Normalization functions

The following quick&dirty Python code for a Jupyter cell calls some normalization functions for our simple perceptron scenario and directly executes the transformation; I have provided the required import statements for libraries already in the last article.

# ********
# Scaling
# ********

b_scale = True
scale_method = 3
# 0: Normalizer (standard), 1: StandardScaler, 2. By factor, 3: Normalizer per pair 
# 4: Min_Max, 5: Identity (no transformation) - just there for convenience  

shape_ay = (num_samples,)
ay_K1 = np.zeros(shape_ay)
ay_K2 = np.zeros(shape_ay)

# apply scaling
if b_scale:
    # shape_input = (num_samples,2)
    rg_idx = range(num_samples)
    if scale_method == 0:      
        shape_input = (2, num_samples)
        ay_K = np.zeros(shape_input)
        for idx in rg_idx:
            ay_K[0][idx] = li_K1[idx] 
            ay_K[1][idx] = li_K2[idx] 
        scaler = Normalizer()
        ay_K = scaler.fit_transform(ay_K)
        for idx in rg_idx:
            ay_K1[idx] = ay_K[0][idx]   
            ay_K2[idx] = ay_K[1][idx] 
    elif scale_method == 1: 
        shape_input = (num_samples,2)
        ay_K = np.zeros(shape_input)
        for idx in rg_idx:
            ay_K[idx][0] = li_K1[idx] 
            ay_K[idx][1] = li_K2[idx] 
        scaler = StandardScaler()
        ay_K = scaler.fit_transform(ay_K)
        for idx in rg_idx:
            ay_K1[idx] = ay_K[idx][0]   
            ay_K2[idx] = ay_K[idx][1]
    elif scale_method == 2:
        dmax = max(li_K1.max() - li_K1.min(), li_K2.max() - li_K2.min())
        ay_K1 = 1.0/dmax * li_K1
        ay_K2 = 1.0/dmax * li_K2
    elif scale_method == 3:
        shape_input = (num_samples,2)
        ay_K = np.zeros(shape_input)
        for idx in rg_idx:
            ay_K[idx][0] = li_K1[idx] 
            ay_K[idx][1] = li_K2[idx] 
        scaler = Normalizer()
        ay_K = scaler.fit_transform(ay_K)
        for idx in rg_idx:
            ay_K1[idx] = ay_K[idx][0]   
            ay_K2[idx] = ay_K[idx][1]
    elif scale_method == 4:
        shape_input = (num_samples,2)
        ay_K = np.zeros(shape_input)
        for idx in rg_idx:
            ay_K[idx][0] = li_K1[idx] 
            ay_K[idx][1] = li_K2[idx] 
        scaler = MinMaxScaler()
        ay_K = scaler.fit_transform(ay_K)
        for idx in rg_idx:
            ay_K1[idx] = ay_K[idx][0]   
            ay_K2[idx] = ay_K[idx][1]
    elif scale_method == 5:
        ay_K1 = li_K1
        ay_K2 = li_K2
# Get overview over costs on weight-mesh
wm1 = np.arange(-5.0,5.0,0.002)
wm2 = np.arange(-5.0,5.0,0.002)
#wm1 = np.arange(-0.3,0.3,0.002)
#wm2 = np.arange(-0.3,0.3,0.002)
W1, W2 = np.meshgrid(wm1, wm2) 
C, li_C_sgl = costs_mesh(num_samples = num_samples, W1=W1, W2=W2, li_K1 = ay_K1, li_K2 = ay_K2, \
                               li_a_tgt = li_a_tgt)

C_min = np.amin(C)
print("C_min = ", C_min)
IDX = np.argwhere(C==C_min)
print ("Coordinates: ", IDX)
wmin1 = W1[IDX[0][0]][IDX[0][1]] 
wmin2 = W2[IDX[0][0]][IDX[0][1]]
print("Weight values at cost minimum:",  wmin1, wmin2)

# Plots
# ******
fig_size = plt.rcParams["figure.figsize"]
fig_size[0] = 19; fig_size[1] = 19

fig3 = plt.figure(3); fig4 = plt.figure(4)

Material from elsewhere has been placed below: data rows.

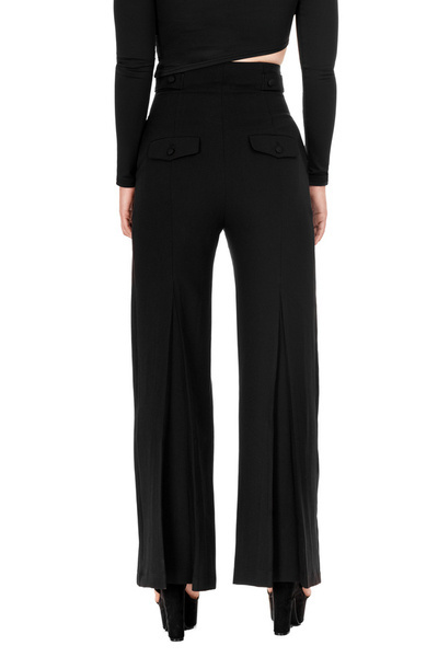 Niezwykle wysoki stan tych spodni ma nie tylko zdolność wysmuklenia sylwetki, ale także wydłużenia nóg, nadając Ci elegancji i pewności siebie. Kryty suwak z aplikacją w kształcie półksiężyca dodaje im niepowtarzalnego uroku i tajemniczego charakteru.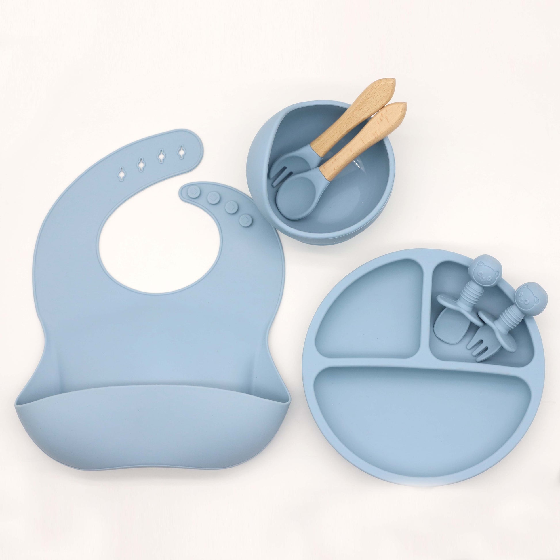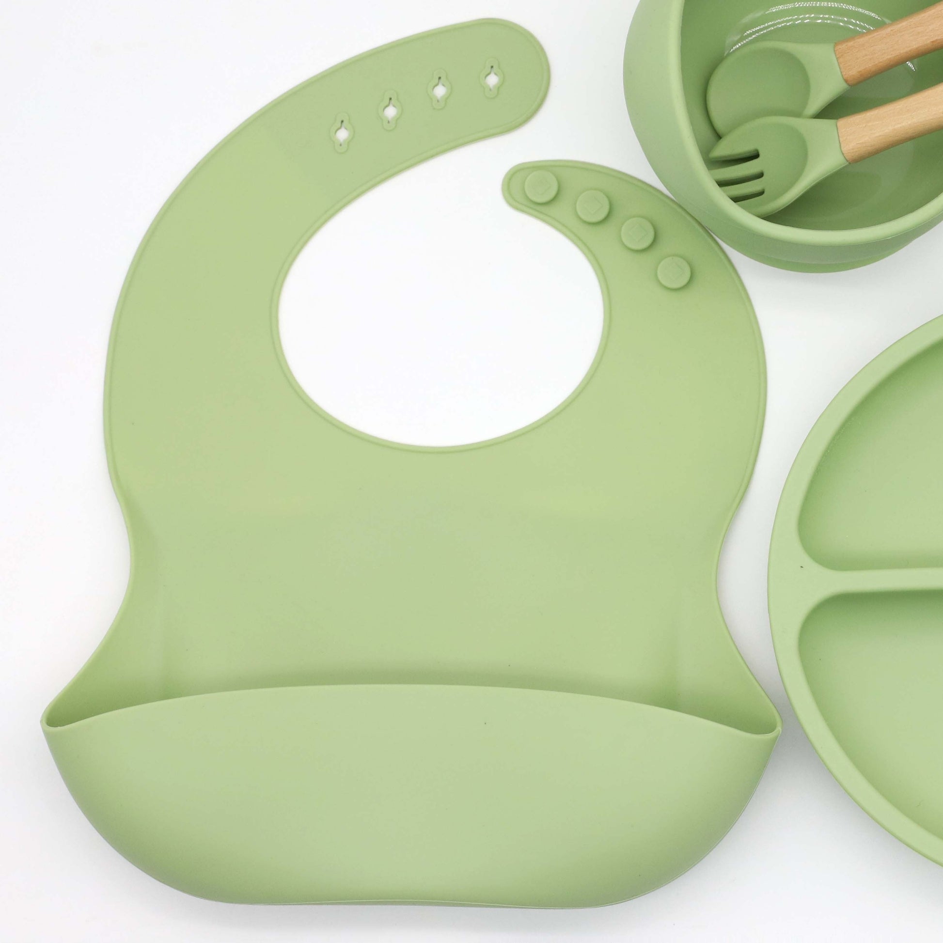7-Piece Silicone Baby Utensils Set with Bowl Plate and Wooden Handle Spoons Forks Green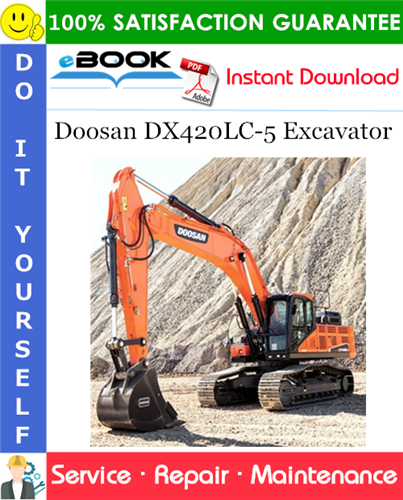 This is the COMPLETE Service Repair Manual for the Doosan DX420LC-5 Excavator. It contains deep information about maintaining, assembly, disassembly and servicing your Doosan DX420LC-5 Excavator.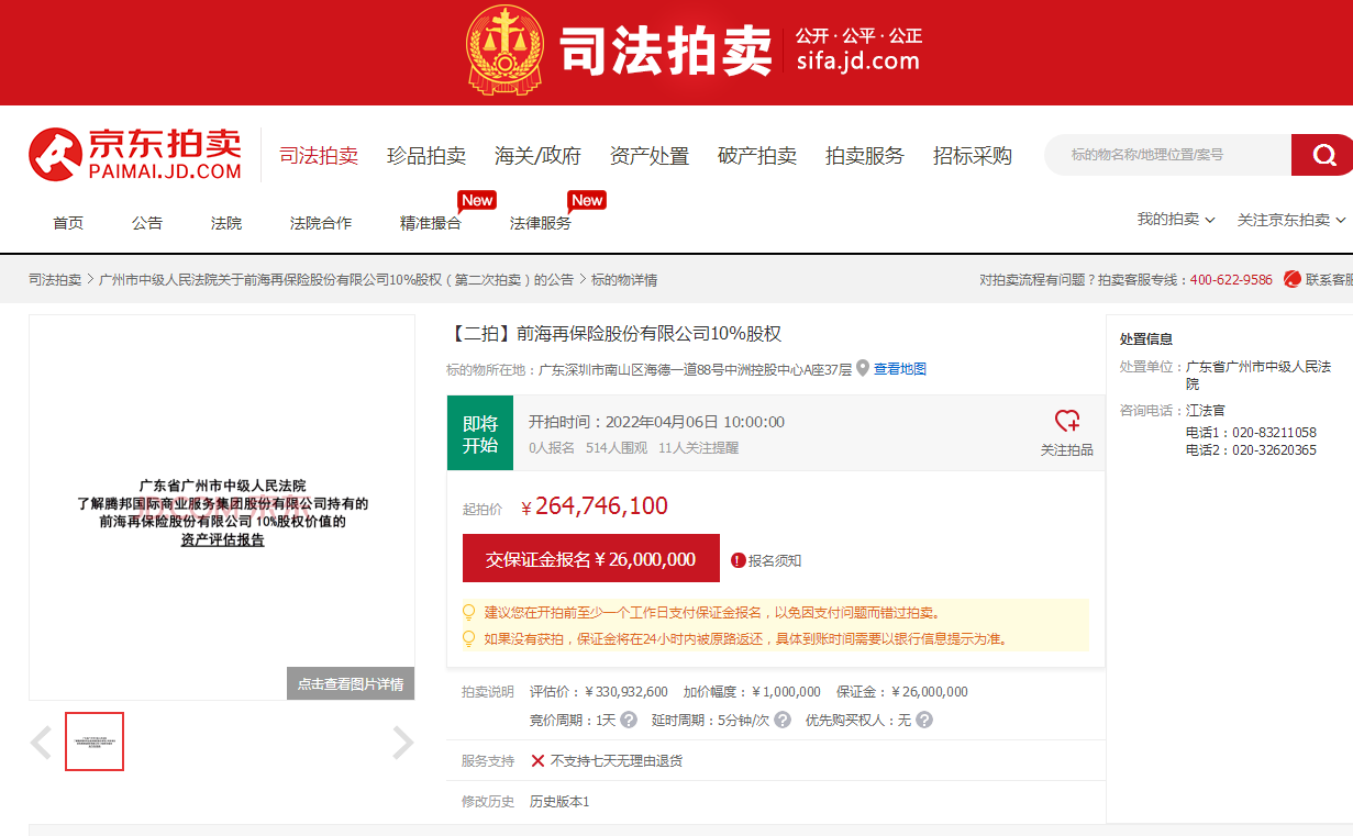【環球網財經資訊】近日,環球網記者從京東司法拍賣平台獲悉,前海再保險股份有限公司(以下簡稱“前海再保險”)10%股權將於4月6日再次在平台進行拍賣,起拍價格2.65億元。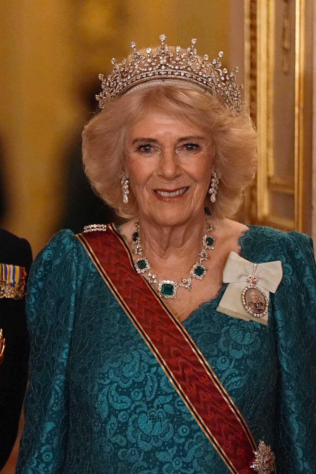 La reine Camilla porte le diadème Girls of Great Britain and Ireland, qui fut le diadème fétiche de la reine Elizabeth II, ainsi que le collier d’émeraudes Greville. Elle porte le ruban rouge bordé de noir et de jaune de l’ordre du Mérite de la république fédérale d’Allemagne (Photo : Aaron Chown/PA Wire/ABACAPRESS)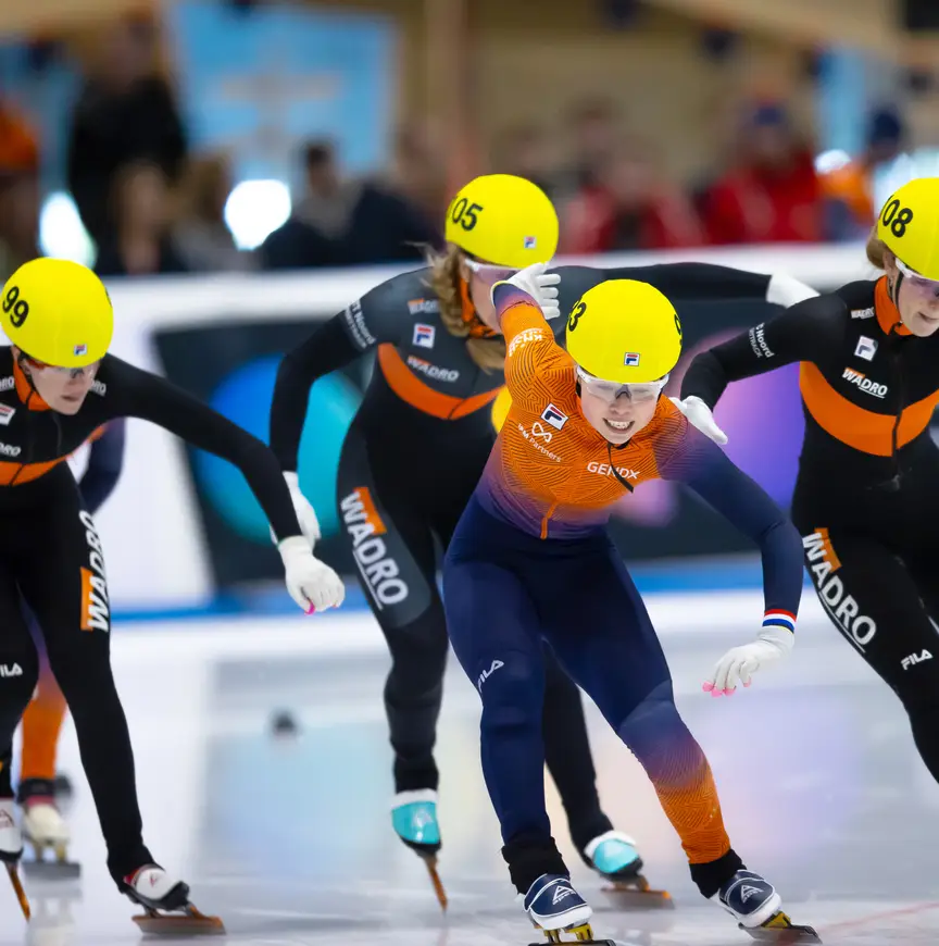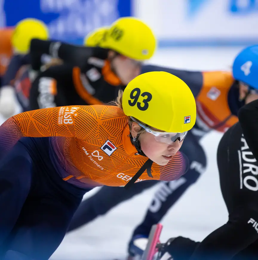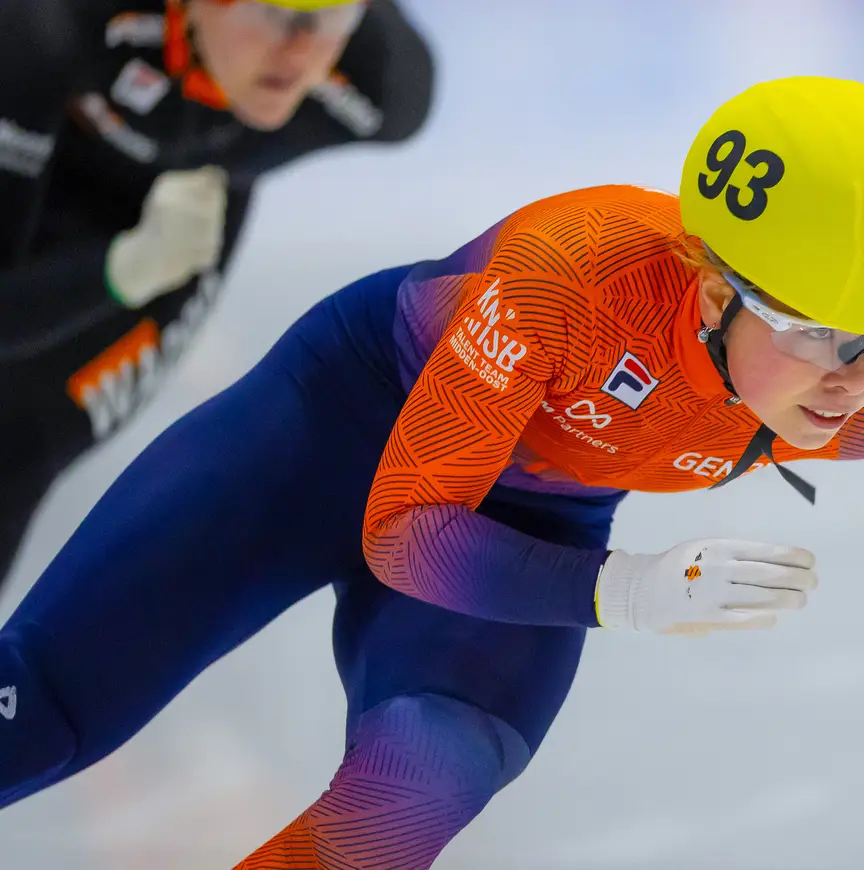 Van Oorschot vindt het prima. Zaterdag 14 oktober stapt ze in het vliegtuig naar Canada voor het volgende hoofdstuk van haar geweldige avontuur, dan heeft ze weer twee weken hetzelfde bed. De knappe prestaties in het drieluik time trials, het Daikin NK en de Dutch Open van afgelopen maand hebben haar een plek opgeleverd in de groep die de World Cups rijdt. Dat is ‘heel vet’, ‘supergaaf’, maar net zo goed een dikke beloning voor haar doorzettingsvermogen. Minder dan een jaar terug (5 november 2022) knalde ze loeihard tegen de boarding van de ijsbaan in Bormio: de crash – met een whiplash en veel langdurende narigheid tot gevolg – hield haar geruime tijd aan de kant. Ondanks de blessure was ze begin dit jaar van de partij op het WK voor junioren in Dresden (met een vierde plaats op de relay voor vrouwen). “Verder verliep dat toernooi niet helemaal goed voor me. Ik kreeg een flinke terugval waardoor ik opnieuw moest beginnen. Pas in juni van dit jaar mocht ik weer alles doen.”

ax3 = fig3.gca(projection='3d')
ax3.get_proj = lambda: np.dot(Axes3D.get_proj(ax3), np.diag([1.0, 1.0, 1, 1]))
ax3.set_xlabel('w1', fontsize=16)
ax3.set_ylabel('w2', fontsize=16)
ax3.set_zlabel('Total costs', fontsize=16)
ax3.plot_wireframe(W1, W2, 1.2*C, colors=('green'))

ax4 = fig4.gca(projection='3d')
ax4.get_proj = lambda: np.dot(Axes3D.get_proj(ax4), np.diag([1.0, 1.0, 1, 1]))
ax4.set_xlabel('w1', fontsize=16)
ax4.set_ylabel('w2', fontsize=16)
ax4.set_zlabel('Single costs', fontsize=16)
ax4.plot_wireframe(W1, W2, li_C_sgl[0], colors=('blue'))
#ax4.plot_wireframe(W1, W2, li_C_sgl[1], colors=('red'))
ax4.plot_wireframe(W1, W2, li_C_sgl[5], colors=('orange'))
#ax4.plot_wireframe(W1, W2, li_C_sgl[6], colors=('yellow'))
#ax4.plot_wireframe(W1, W2, li_C_sgl[9], colors=('magenta'))
#ax4.plot_wireframe(W1, W2, li_C_sgl[12], colors=('green'))



The results of the transformation for our two features are available in the arrays "ay_K1" and "ay_K2". These arrays will then be used as an input to gradient descent.

Some remarks on some normalization methods:

Normalizer: It is in the above code called by setting "scale_method=0". The "Normalizer" with standard parameters scales by applying a division by an averaged L2-norm distance. However, its application is different from other SciKit-Learn scalers:
It normalizes over all data given in a sample. The dimensions beyond 1 are NOT interpreted as features which have to be normalizes separately - as e.g. the "StandardScaler" does. So, you have to be careful with index handling! This explains the different index-operation for "scale_method = 0" compared to other cases.

StandardScaler: Called by setting "scale_method=1". The StandardScaler accepts arrays of samples with columns for features. It scales all features separately. It subtracts the mean average of all feature values of all samples and divides afterwards by the standard deviation. It thus centers the value distribution with a mean value of zero and a variance of 1. Note however that it does not limit all transformed values to the interval [-1, 1].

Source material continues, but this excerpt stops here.